By hosting the vectors themselves, AWS can meta-optimize its cloud based on content characteristics. It may seem like not a major optimization, but at AWS scale it is billions of dollars per year. It also makes it easier for AWS to comply with censorship requirements.
This comment appears to misunderstand the control plane/data plane distinction of AWS. AWS does have limited access to your control plane, primarily for things like enabling your TAMs to analyze your costs or getting assistance from enterprise support teams. They absolutely do not have access to your dataplane unless you specifically grant it. The primary use case for the latter is allowing writes into your storage for things like ALB access logs to S3. If you were deep in a debug session with enterprise support they might request one-off access to something large in S3, but I would be surprised if that were to happen.
GovCloud exists so that AWS can sell to the US government and their contractors without impacting other customers who have different or less stringent requirements.
> It also makes it easier for AWS to comply with censorship requirements.
Does it, how? Why would it be the vector store that would make it easier for them to censor the content? Why not censor the documents in S3 directly, or the entries in the relational database. What is different about censoring those vs a vector store?
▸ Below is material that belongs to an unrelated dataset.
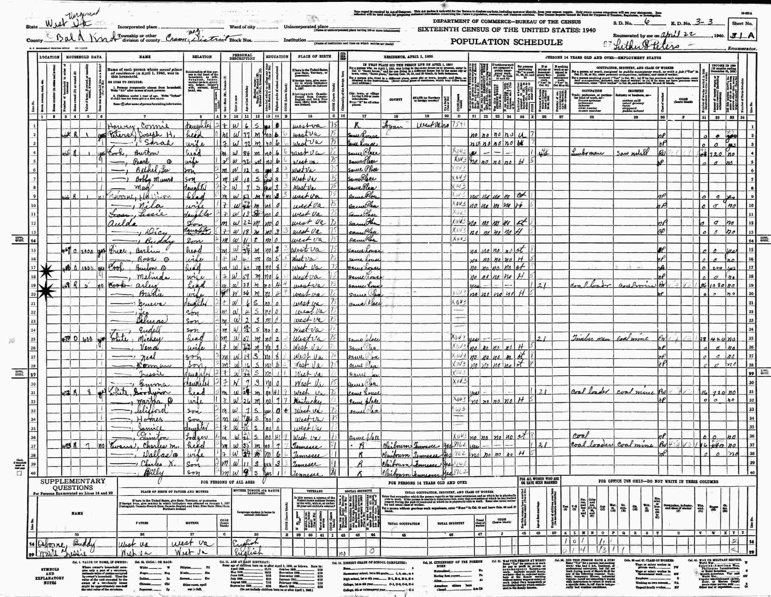 April 22, 1940 - Supervisor's District 6, Enumeration District 3-3, Crook Magisterial District, Bald Knob, Boone County, West Virginia.

Once a vector has been generated (and someone has paid for it) it can be searched for and relevant content can be identified without AWS incurring any additional cost to create its own separate censorship-oriented index, etc. AWS can also add additional bits to the vector that benefit its internal goals (scalability, censorship, etc.)
Not to mention there is lock-in once you've gone to the trouble of using a specific embedding model on a bunch of content. Ideally we'd converge on backwards-compatible, open source approaches, but cloud vendors want to offer "value" by offering "better" embedding models that are not open source.
Also, if it's not encrypted, I'm not sure if AWS or others "synthesize" customer data by a cursory scrubbing of so called client identifying information, and then try to optimize and model for those scenarios at scale.
I do feel more and more some information in the corpus of AI models was done this way. A client's name and private identifiable information might not be in the model, but some patterns of how to do things sure seem to come up from such sources.